Losing weight may be especially difficult for people with fatty liver disease, but many can succeed with an intensive weight loss program, according to a presentation at The Liver Meeting, the annual meeting of the American Association for the Study of Liver Diseases (AASLD), this month in Boston.
Non-alcoholic fatty liver disease (NAFLD) and its more severe form, non-alcoholic steatohepatitis (NASH), are responsible for a growing proportion of advanced liver disease as obesity rates rise worldwide. The buildup of fat in the liver triggers cell death and inflammation, which over time can lead to fibrosis (scarring), cirrhosis and liver cancer.

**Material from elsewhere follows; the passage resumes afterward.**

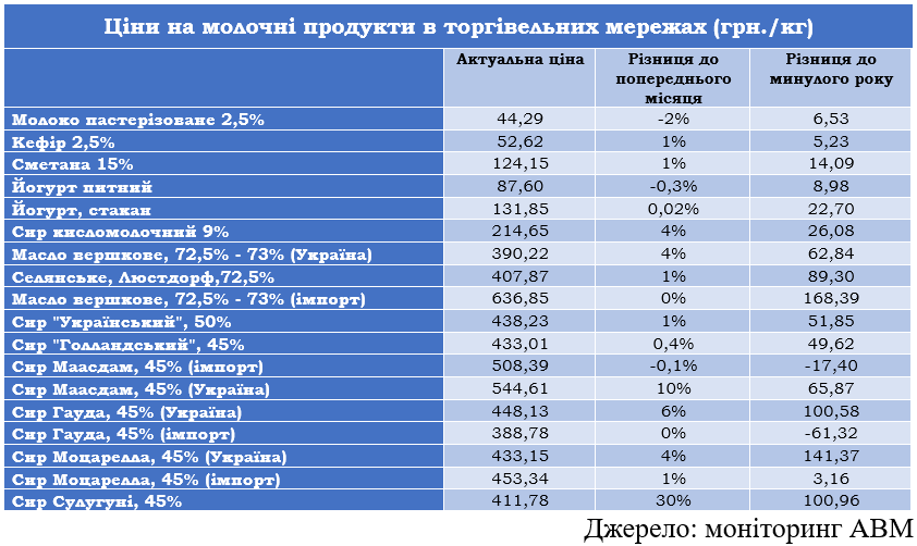 «В січні ціни виросли на 4% і вище на вершкове масло інших вітчизняних брендів жирністю від 72,5% до 73%, на сир кисломолочний, на сири Гауда та Моцарелла порівняно до грудня. Вірогідно подальше підвищення цін на кисломолочну продукцію, тверді та напівтверді сири, вершкове масло, оскільки проблема дефіциту молока-сировини в Україні нікуди не зникла. Попри те, що у 2023 році молочно-товарні ферми вийшли за обсягами надоїв на довоєнні рівні, їх потужності все одно не вистачає щоби компенсувати різке скорочення виробництва молока в господарствах населення», — йдеться в повідомленні.
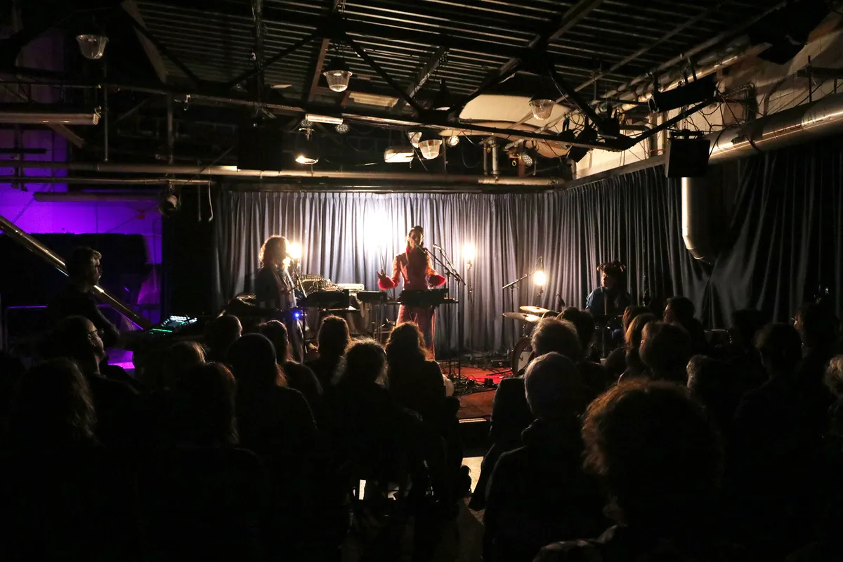 Maar eerst is het de beurt aan het voorprogramma. Onrust is het soloproject van de Belgische elektronische kunstenaar Wendy Mulder en in tegenspraak met de naam brengt zij rustige psychedelische ambient techno ten gehore. Ze speelt op een balkonnetje hoog boven het café van Brebl. Vanuit de zaal was ze niet of nauwelijks te zien en was er ook jammer genoeg geen interactie met het publiek. Na een half uur spelen verliet ze, vrijwel ongezien, weer haar podium en was het – na een korte pauze – de beurt aan de bouwmeester van de avond.

Fatty liver disease is increasingly recognized as a manifestation of metabolic syndrome, a cluster of conditions that include abdominal obesity, elevated blood glucose and abnormal blood fat levels. There are no effective medical therapies for NAFLD/NASH, and management relies on lifestyle changes including weight loss. A loss of at least 5% of body weight has been shown to improve liver steatosis, or fat accumulation.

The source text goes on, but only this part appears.